L’apologia del fascismo, nell’ordinamento giuridico italiano, è un reato previsto dall’art. 4 della legge Scelba attuativa della XII disposizione transitoria e finale della Costituzione. Questa legge fu attuata nel 1952, nel momento di maggiore tensione sociale degli anni del centrismo, l’assedio ideologico – da cui esso si sentiva stretto, da parte delle opposizioni di destra e di sinistra – spinse il governo a richiamarsi a questa esigenza: un comitato interministeriale presieduto da Mario Scelba fu incaricato dal governo De Gasperi di coadiuvare il ministro Attilio Piccioni nell’aggiornare la legislazione circa la sicurezza del Paese. Verso la legge n. 645/1952 sono state a più riprese sollevate questioni di legittimità costituzionale, poiché si è sostenuto che la norma di fatto negherebbe a una categoria ideologica, o meglio ai possibili sostenitori di una fazione politica, i diritti dichiaratamente garantiti dalla Costituzione in termini di libertà associativa e di libertà di manifestazione del pensiero. La questione fu oggetto di animatissime polemiche politiche quando sempre più esponenti del Movimento Sociale Italiano di Arturo Michelini venivano politicamente e giudiziariamente accusati di questo reato. Fu perciò nel 1956, in occasione di quasi simultanei procedimenti per apologia del fascismo (presso il Tribunale di Torino, la Corte d’appello di Roma e la Corte d’appello di Perugia), che fu adita la Corte Costituzionale, la quale si espresse nella nota sentenza del 16 gennaio 1957.

Apologia del fascismo: gli avvenimenti nel corso degli anni

Da anni ormai l’ordinamento giuridico italiano possiede una norma per sanzionare l’apologia del fascismo, ma l’applicazione di quest’ultima, dall’ultimo ritocco del 1975, è risultata nel corso degli anni farraginosa ed eccessivamente discrezionale.
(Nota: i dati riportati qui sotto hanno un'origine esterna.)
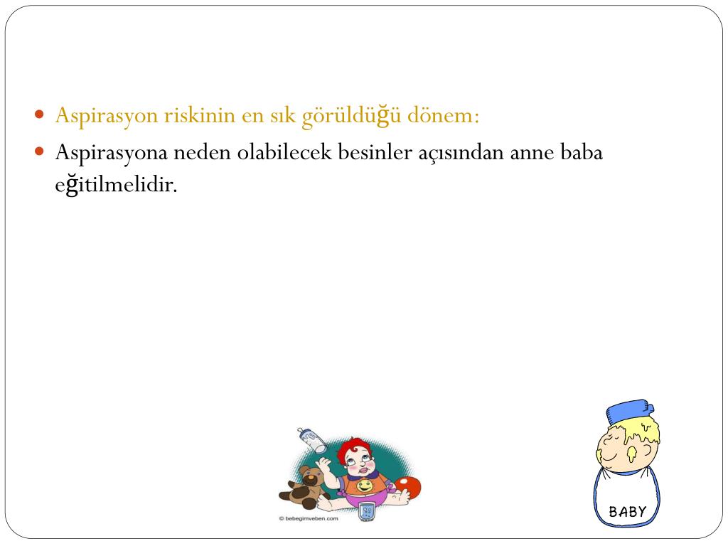 Aspirasyon riskinin en sık görüldüğü dönem: • Aspirasyona neden olabilecek besinler açısından anne baba eğitilmelidir.

Mentre si discute di censura nel web, in questi ultimi anni ci sono state innumerevoli occasioni in cui si sono presentate manifestazioni di orientamento fascista; possiamo ricordare lo striscione degli ultras della Lazio, la manifestazione in memoria di Sergio Ramelli, il concerto nazi-rock organizzato da Veneto Fronte Skinheads in un padiglione del comune di Cerea o anche le disavventure della famiglia Mussolini sui social network.
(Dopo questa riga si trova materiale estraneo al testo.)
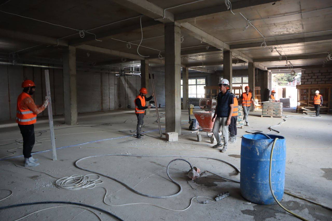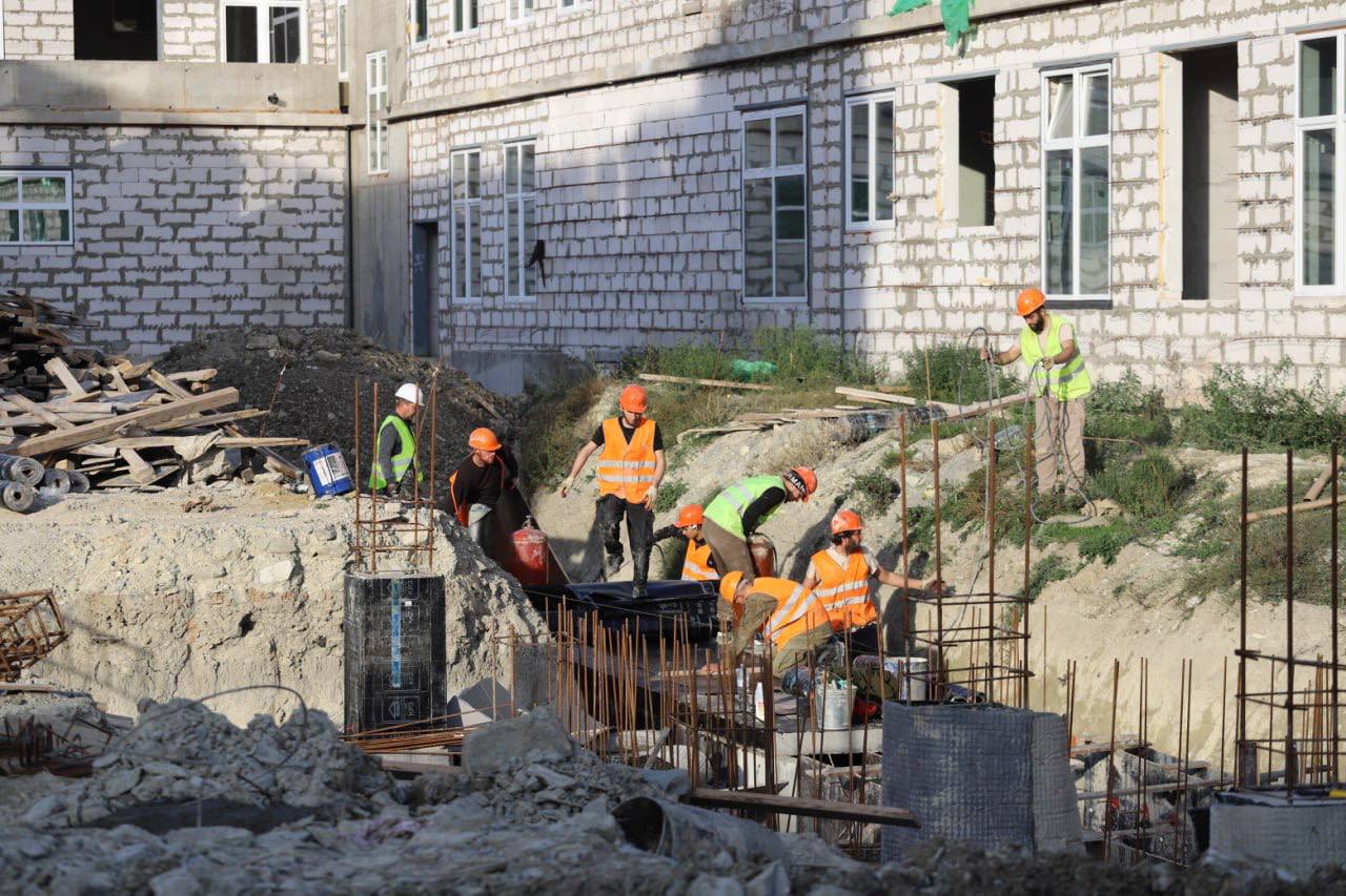 Бываю на стройплощадке регулярно. Сейчас на объекте трудится порядка 140 человек. 53% работ выполнено, ведётся чистовая отделка. Параллельно продолжаются электромонтажные работы во всех блоках, прокладываются системы отопления. Рабочие собирают и монтируют металлоконструкции, выполняют гидроизоляцию, фасадные работы.

Col passare del tempo spesso ci siamo ritrovati di fronte al tema dell’estrema destra e di fronte al problema dell’atteggiamento che una comunità democratica come la nostra dovrebbe riservare a manifestazioni nostalgiche che si attuano nei confronti di ideologie totalitarie come il fascismo. Uno degli ambiti in cui la giurisprudenza italiana fatica a trovare un’interpretazione uniforme è sicuramente quello che riguarda il saluto romano. Ma ciò è regolato, oltre che dalla Legge Scelba, anche dalla Legge Mancino del 1993 che all’articolo 2 punisce ”chiunque, in pubbliche riunioni, compia manifestazioni esteriori od ostenti emblemi o simboli propri o usuali” di organizzazioni, associazioni o movimenti ”aventi tra i propri scopi l’incitamento alla discriminazione o alla violenza per motivi razziali, etnici, nazionali o religiosi”. La differenza sostanziale tra le due leggi è che entrambe condannano l’apologia del fascismo, ma la legge Scelba è considerata più specifica poiché vieta la ”riorganizzazione del disciolto partito fascista” e prevede muta e reclusione in caso di violazione della norma. Tuttavia però ambedue le leggi devono garantire il libero pensiero che può essere compresso solo in nome di un’urgenza che la Corte Costituzionale nella sentenza 74 del 1958 ha individuato nel ”concreto pericolo per l’ordinamento democratico”.